_INFORMATION SHOWN_.
════════════════════
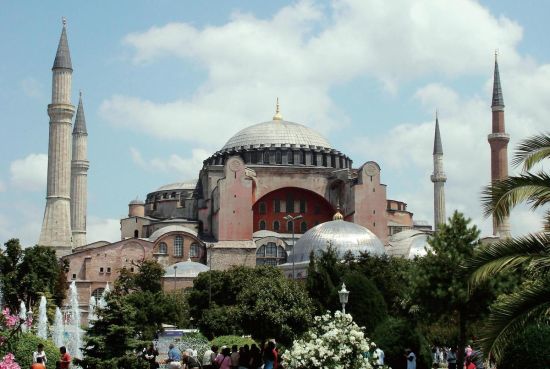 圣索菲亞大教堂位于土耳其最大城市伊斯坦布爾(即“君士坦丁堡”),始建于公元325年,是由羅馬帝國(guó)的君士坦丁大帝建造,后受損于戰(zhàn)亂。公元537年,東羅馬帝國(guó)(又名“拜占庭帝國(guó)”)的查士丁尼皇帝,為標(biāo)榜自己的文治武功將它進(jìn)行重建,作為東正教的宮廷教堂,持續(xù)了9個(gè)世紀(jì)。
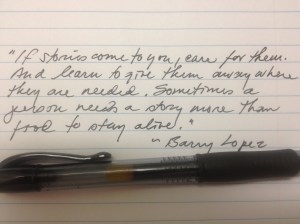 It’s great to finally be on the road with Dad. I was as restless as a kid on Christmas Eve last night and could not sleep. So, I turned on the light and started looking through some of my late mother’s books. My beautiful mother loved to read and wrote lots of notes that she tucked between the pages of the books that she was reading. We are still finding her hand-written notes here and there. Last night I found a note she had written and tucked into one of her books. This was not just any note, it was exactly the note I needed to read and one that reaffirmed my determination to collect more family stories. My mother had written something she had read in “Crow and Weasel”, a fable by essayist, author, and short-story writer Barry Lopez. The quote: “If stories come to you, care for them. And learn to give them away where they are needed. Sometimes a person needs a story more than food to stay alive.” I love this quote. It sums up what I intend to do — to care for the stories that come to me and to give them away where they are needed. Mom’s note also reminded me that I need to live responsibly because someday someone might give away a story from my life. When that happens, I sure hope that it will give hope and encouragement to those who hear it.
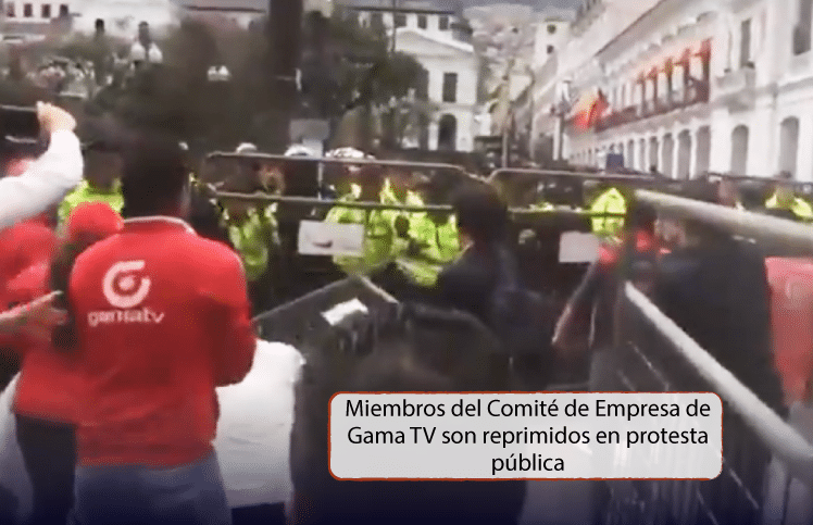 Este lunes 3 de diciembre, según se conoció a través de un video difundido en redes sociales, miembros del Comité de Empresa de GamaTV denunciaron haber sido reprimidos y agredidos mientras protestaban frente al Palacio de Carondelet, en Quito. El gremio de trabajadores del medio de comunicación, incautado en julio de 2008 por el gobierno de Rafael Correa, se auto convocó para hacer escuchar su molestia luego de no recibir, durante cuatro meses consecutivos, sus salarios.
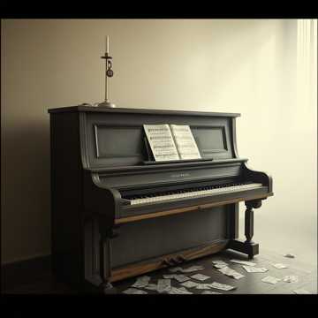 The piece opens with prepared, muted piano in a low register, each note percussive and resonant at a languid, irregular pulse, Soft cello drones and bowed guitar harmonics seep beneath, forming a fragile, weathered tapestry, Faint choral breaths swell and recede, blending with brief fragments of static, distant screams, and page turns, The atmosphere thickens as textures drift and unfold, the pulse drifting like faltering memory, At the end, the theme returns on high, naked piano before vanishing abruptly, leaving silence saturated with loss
════════════════════
_TASK OBJECTIVE_. Please return only the lines running from the line with "Este lunes 3" to the final line of the data, both included, exactly and without any pictures.

_OUTPUT OF THE EXERCISE_.
 Este lunes 3 de diciembre, según se conoció a través de un video difundido en redes sociales, miembros del Comité de Empresa de GamaTV denunciaron haber sido reprimidos y agredidos mientras protestaban frente al Palacio de Carondelet, en Quito. El gremio de trabajadores del medio de comunicación, incautado en julio de 2008 por el gobierno de Rafael Correa, se auto convocó para hacer escuchar su molestia luego de no recibir, durante cuatro meses consecutivos, sus salarios.
 The piece opens with prepared, muted piano in a low register, each note percussive and resonant at a languid, irregular pulse, Soft cello drones and bowed guitar harmonics seep beneath, forming a fragile, weathered tapestry, Faint choral breaths swell and recede, blending with brief fragments of static, distant screams, and page turns, The atmosphere thickens as textures drift and unfold, the pulse drifting like faltering memory, At the end, the theme returns on high, naked piano before vanishing abruptly, leaving silence saturated with loss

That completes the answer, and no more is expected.